Eric Leung Code and Data Learnings     about     blog     projects     misc     feed

Reflections on ontologies

Several months ago, I attended a workshop on ontologies. For the longest time since I started my graduate program, I always had troubles understanding what you do with ontologies and what makes them useful.

Generally know that they encode meaning between the elements within. But then I was stuck on the, “What next?” I know it doesn’t just sit there. After attending this workshop on ontologies, I have a better intuition about what makes these things useful.

Basic definitions

First off, the ontologies I am talking about are the information science ones, and not the metaphysical definition.

In computer science and information science, an ontology encompasses a representation, formal naming and definition of the categories, properties and relations between the concepts, data and entities that substantiate one, many or all domains of discourse.

Insights on usefulness

I’m retrospectively reflecting on my “ah-ha” moment, but I think the table shown in this section was very helpful in revealing who ontologies are useful.

For example, if you want to encode an investigator’s name in some data file, one could simply use the investigator’s initials or names. This can become messy, especially if multiple people work on this file and may become inconsistent.

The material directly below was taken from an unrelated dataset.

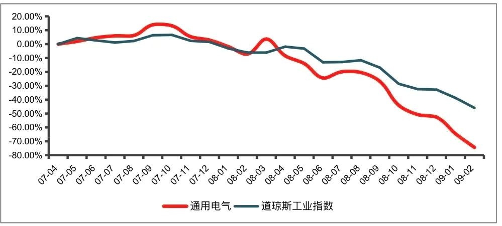 2007-2008年金融危机的爆发,使得美国多家银行与非银行金融机构濒临破产,GE也难以独善其身。年报显示,GE金融净利润从07年的100亿美元缩水至08年的70亿美元,下跌近30%。GE金融之前采用的高杠杆被当时较高的业绩所支撑,然而金融危机爆发后,金融业务利润下降,GE一时陷入了经营紧张状态,引发市场恐慌与股价暴跌,资本运作陷入困境。GE集团股价从次贷危机前40美元跌至20美元以下,2009年3月更是一度跌至6美元,市值比次贷危机前缩水80%。尤其从2008年4月开始,GE股价呈持续下跌状态。金融的“内在不稳定性”放大了市场波动对GE集团整体的股价影响。

This is where ontologies can come in handy. A better format to encode investigators into a file is to use ORCiD, a persistent digital identifier. This makes it better because there is a controlled vocabulary for which to describe these individuals. This allows less room for mistakes and ambiguity in filling in this information. Additionally, this allows to easier sharing of this data if you were to share it with colleagues.

In relation to microbiome research

In the microbiome world that I currently exist in, there exists the Earth Microbiome Project (EMP), an initiative to “characterize global microbial taxonomic and functional diversity for the benefit of the planet and humankind.”

The EMP has built its own ontology, namely the EMP Ontology. There is a table with example samples and how they might be classified. This shared vocabulary to describe samples allow more effective comparisons and inference on these samples.


My big “ah-ha” moment for ontologies was that it is a controlled vocabulary for which to describe and share data efficiently. There may be more uses for ontologies, but for now, this is a good intuition for myself as to why ontologies are useful. This is especially true with all this data being generated around us in biomedicine and technology.